We believe that the provisions in the Wales Bill for dealing with the arrangements for fixing pay and related conditions of service, like superannuation, in respect of teachers in Wales are fair and satisfactory to all concerned. At present there are uniform arrangements for dealing with pay in England and Wales, and it is our intention that these should continue after devolution. The principal teachers' unions have supported reservation of pay negotiations and settlements —that is, for the continuation of the present England and Wales arrangements—although they recognise that there may be representation for the Assembly in these arrangements. Likewise, the arrangements have the support of the 488 employing local authorities. Moreover, the Government also see considerable advantage in ensuring that there should be no hindrance to mobility within the profession, arising from any discrepancy in pay and related conditions.
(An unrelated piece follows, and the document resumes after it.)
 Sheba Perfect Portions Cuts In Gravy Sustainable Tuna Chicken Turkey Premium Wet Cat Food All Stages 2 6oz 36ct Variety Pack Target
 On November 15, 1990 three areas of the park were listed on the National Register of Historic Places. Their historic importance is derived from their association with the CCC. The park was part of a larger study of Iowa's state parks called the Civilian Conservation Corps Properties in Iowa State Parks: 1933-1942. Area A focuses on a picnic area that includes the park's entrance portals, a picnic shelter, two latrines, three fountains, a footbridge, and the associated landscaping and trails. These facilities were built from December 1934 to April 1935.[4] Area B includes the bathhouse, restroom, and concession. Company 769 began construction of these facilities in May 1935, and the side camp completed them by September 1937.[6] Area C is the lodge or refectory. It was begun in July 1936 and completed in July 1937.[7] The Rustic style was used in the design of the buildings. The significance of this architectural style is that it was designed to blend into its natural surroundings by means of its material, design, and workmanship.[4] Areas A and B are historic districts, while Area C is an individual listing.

These are strong arguments which, in the Government's view, justify making an exception to one of the principles of devolution; that is, devolving where possible those areas of activity where decisions primarily affect people living in Wales. The noble Lord ought not to make too much of my doing in this case what he has wanted me to do on every other, and I shall be surprised if he can really make that one stick.
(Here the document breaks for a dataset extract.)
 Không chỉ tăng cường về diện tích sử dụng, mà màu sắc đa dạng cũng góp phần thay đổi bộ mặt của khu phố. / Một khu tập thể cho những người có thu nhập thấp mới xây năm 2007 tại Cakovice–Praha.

§ Baroness ELLESWhile allowing my noble friend to have one minute's rest, perhaps I can come in on this Amendment. As the noble Lord has said, the question of teachers' pay is an area which he is specifically reserving to the Minister. I perfectly well see the reasons for it, and they are quite justifiable. But the noble Lord will realise that there will be a dichotomy if, as I suggested earlier, there is any radical change in the type of teacher training that goes on, because there will be the same pay for, perhaps, totally different standards, qualifications, ability and training. This is not a question of conflict between the Welsh Assembly and the Secretary of State; that has nothing to do with it. But it might be a matter of conflict between teachers who have been trained in one part of the country and teachers who have been trained in another part, who are getting the same wages and conditions of work, but are providing totally different services and have totally different abilities. If one has one, then one should have the other.
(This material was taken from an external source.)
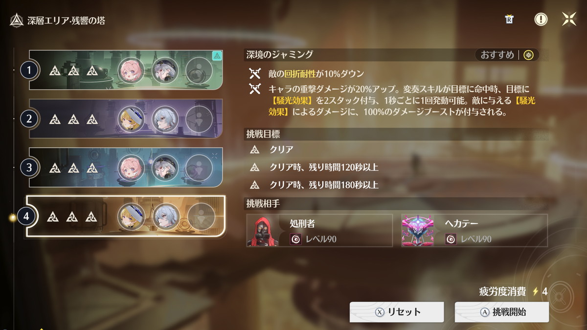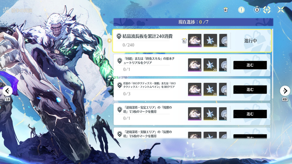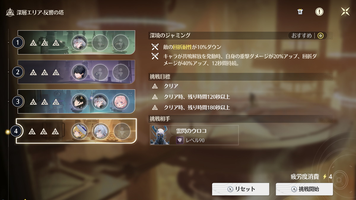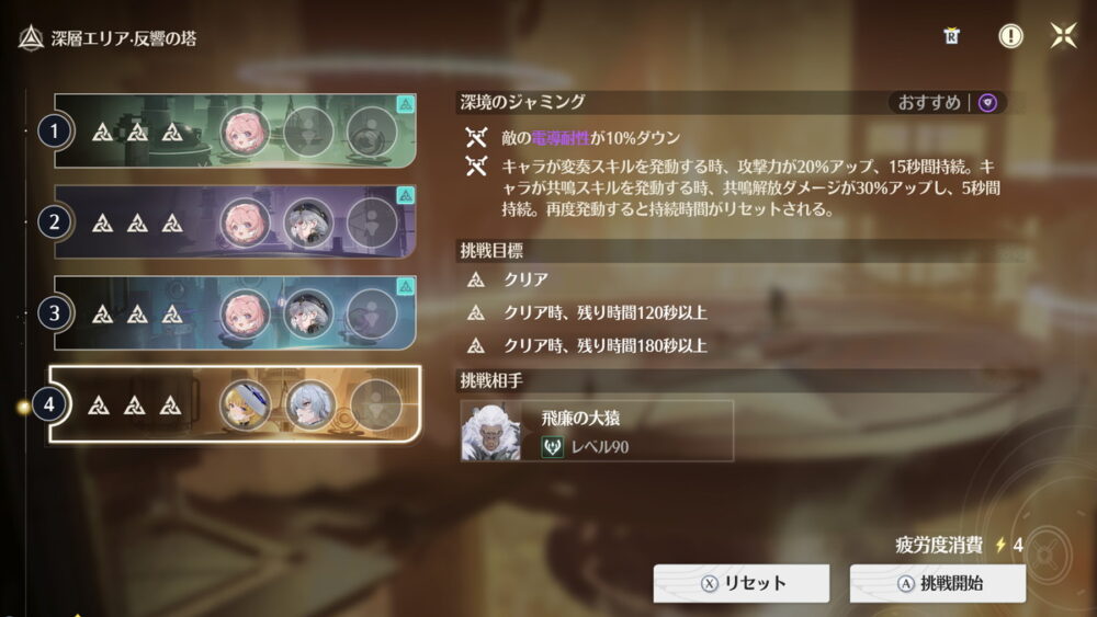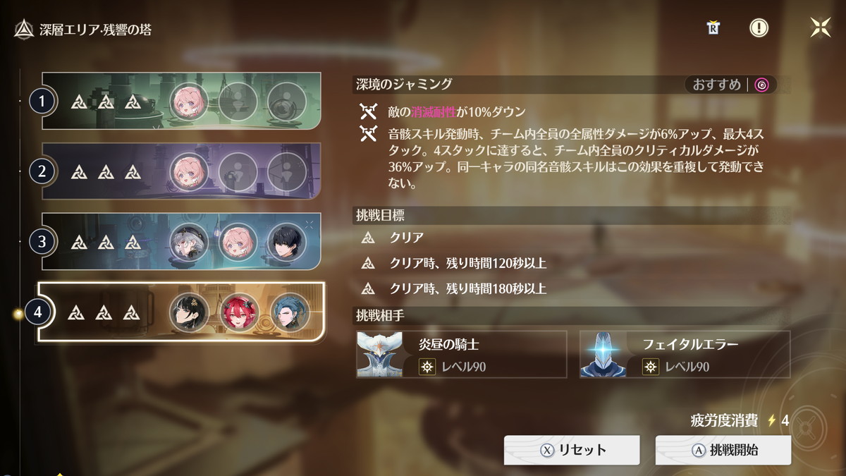 現在は高難度エンドコンテンツの1つ、逆境深塔のステージが2つ追加されたため、『無凸&モチ武器のメインアタッカーと無凸のサブアタッカー』が3セットくらいないと完全攻略が厳しいので、高難度エンドコンテンツの制覇はスムーズに進めて2ヵ月~3カ月だと思います。

I accept that certain matters have to be devolved. But it is not a question of derogation, because the powers have not yet been given to anybody. But how are you to provide a viable system for the country, and for Wales, in particular? In view of what the noble Lord has said, there is a very strong argument for, at least, considering again the question of teachers' training. Or perhaps the noble Lord can assure us that there will be some co-ordination—I do not say that there should be control—in the pattern of training between England and Wales.
§ Lord DONALDSON of KINGS-BRIDGEIn a way, standardisation on pay between England and Wales will ensure some liaison. Obviously there will be liaison in any event. We have a Department of Education here and we have the Welsh Office, which have always been in the closest touch; and the Welsh Office has recently taken on new powers. So I do not have the faintest fear that there will not be liaison. But this will ensure it, and I hope that what I have said will go some way to put the noble Baroness's mind at rest.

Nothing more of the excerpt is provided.